[Data excerpts]
-------------------------

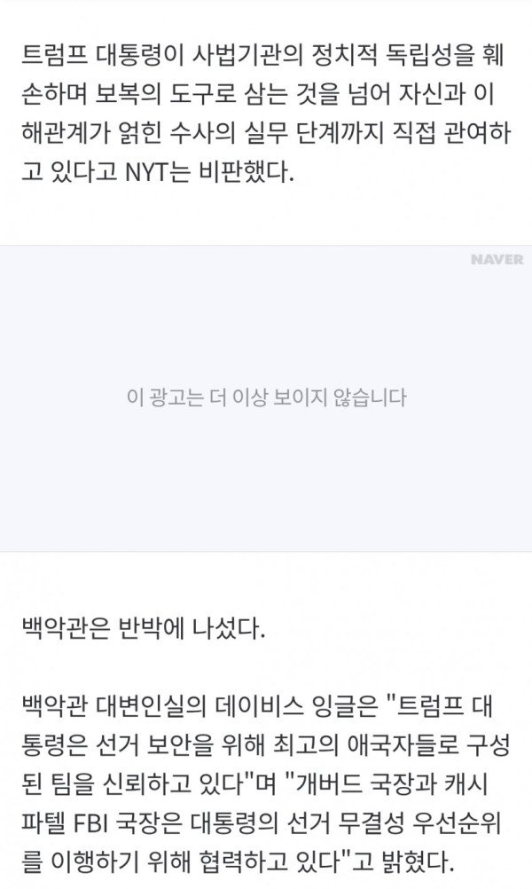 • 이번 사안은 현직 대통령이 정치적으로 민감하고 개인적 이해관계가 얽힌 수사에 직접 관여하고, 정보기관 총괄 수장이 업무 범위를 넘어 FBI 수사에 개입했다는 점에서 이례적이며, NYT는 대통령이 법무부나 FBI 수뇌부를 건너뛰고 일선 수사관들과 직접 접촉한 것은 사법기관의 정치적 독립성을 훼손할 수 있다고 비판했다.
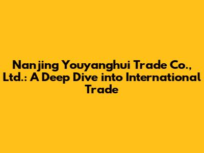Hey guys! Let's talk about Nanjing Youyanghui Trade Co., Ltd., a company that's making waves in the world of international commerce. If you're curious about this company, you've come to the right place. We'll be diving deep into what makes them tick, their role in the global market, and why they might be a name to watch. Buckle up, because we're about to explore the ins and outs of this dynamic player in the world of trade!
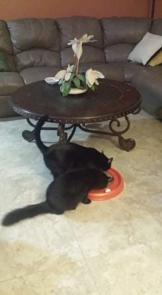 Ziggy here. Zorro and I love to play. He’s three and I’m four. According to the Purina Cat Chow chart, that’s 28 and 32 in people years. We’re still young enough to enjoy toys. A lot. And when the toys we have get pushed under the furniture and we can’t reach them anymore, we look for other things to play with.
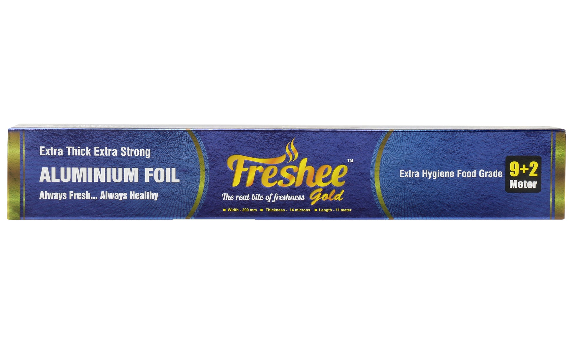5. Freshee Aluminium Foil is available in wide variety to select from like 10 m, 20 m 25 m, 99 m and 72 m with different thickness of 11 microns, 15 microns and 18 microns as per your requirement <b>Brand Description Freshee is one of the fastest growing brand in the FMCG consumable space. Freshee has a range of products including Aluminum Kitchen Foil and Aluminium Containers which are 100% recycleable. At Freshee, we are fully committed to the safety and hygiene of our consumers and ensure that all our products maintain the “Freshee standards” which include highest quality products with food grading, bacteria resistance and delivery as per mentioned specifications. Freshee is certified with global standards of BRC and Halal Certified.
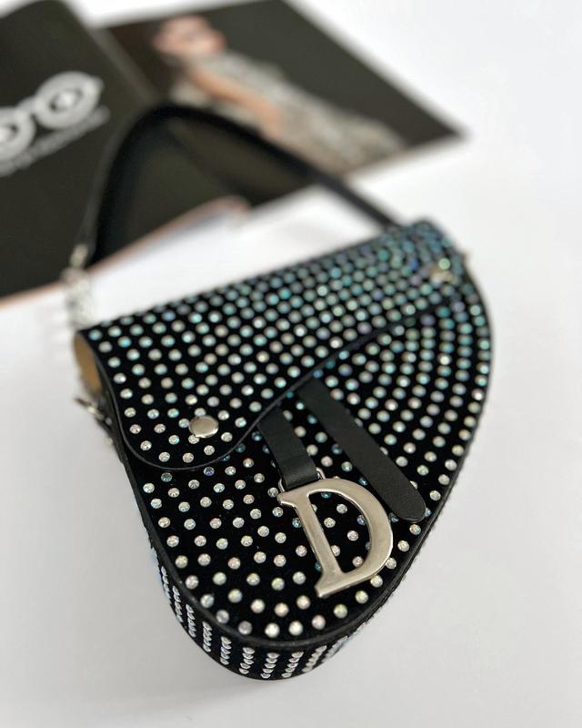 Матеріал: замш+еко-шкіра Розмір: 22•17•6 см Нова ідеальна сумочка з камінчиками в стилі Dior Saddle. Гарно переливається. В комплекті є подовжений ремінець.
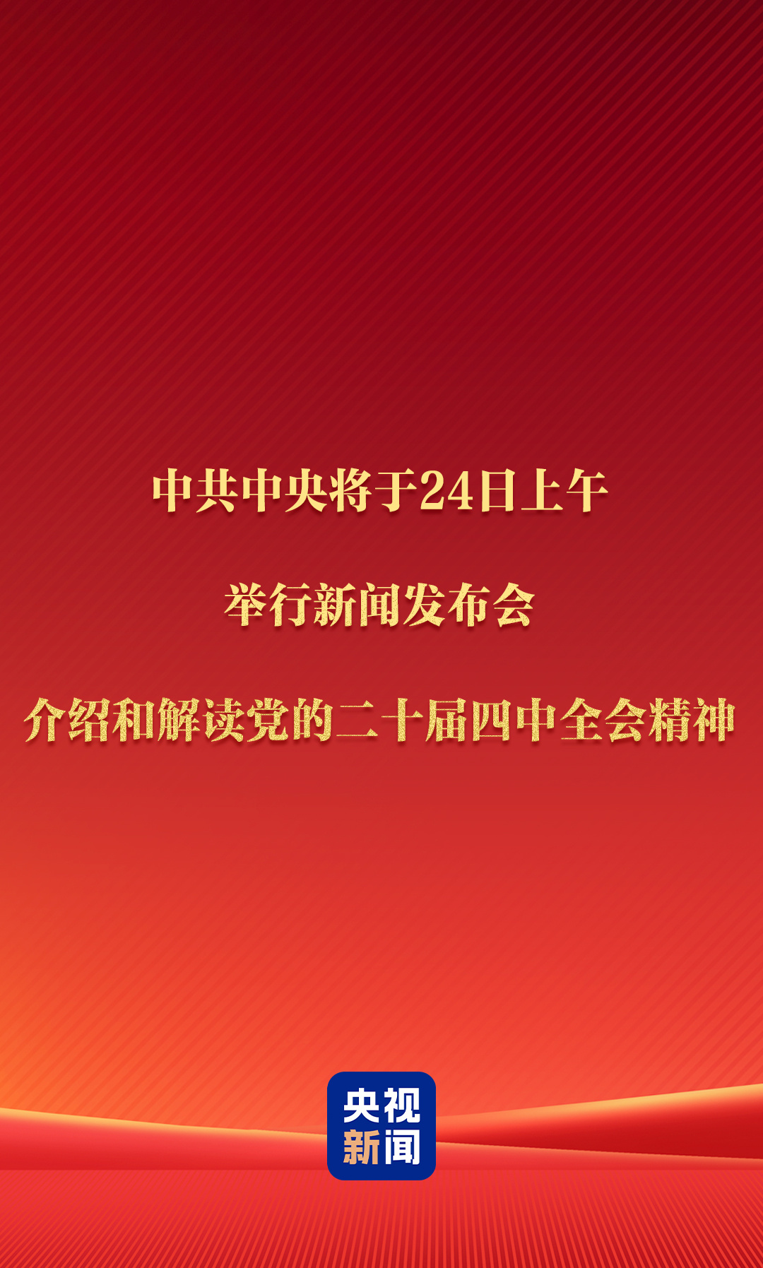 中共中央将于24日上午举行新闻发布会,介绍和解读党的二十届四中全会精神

-------------------------

What is needed: Copy, word for word, the entries above from the first line to the line that holds "Ziggy here. Zorro". Drop the pictures.

Solution:
 • 이번 사안은 현직 대통령이 정치적으로 민감하고 개인적 이해관계가 얽힌 수사에 직접 관여하고, 정보기관 총괄 수장이 업무 범위를 넘어 FBI 수사에 개입했다는 점에서 이례적이며, NYT는 대통령이 법무부나 FBI 수뇌부를 건너뛰고 일선 수사관들과 직접 접촉한 것은 사법기관의 정치적 독립성을 훼손할 수 있다고 비판했다.
Hey guys! Let's talk about Nanjing Youyanghui Trade Co., Ltd., a company that's making waves in the world of international commerce. If you're curious about this company, you've come to the right place. We'll be diving deep into what makes them tick, their role in the global market, and why they might be a name to watch. Buckle up, because we're about to explore the ins and outs of this dynamic player in the world of trade!
 Ziggy here. Zorro and I love to play. He’s three and I’m four. According to the Purina Cat Chow chart, that’s 28 and 32 in people years. We’re still young enough to enjoy toys. A lot. And when the toys we have get pushed under the furniture and we can’t reach them anymore, we look for other things to play with.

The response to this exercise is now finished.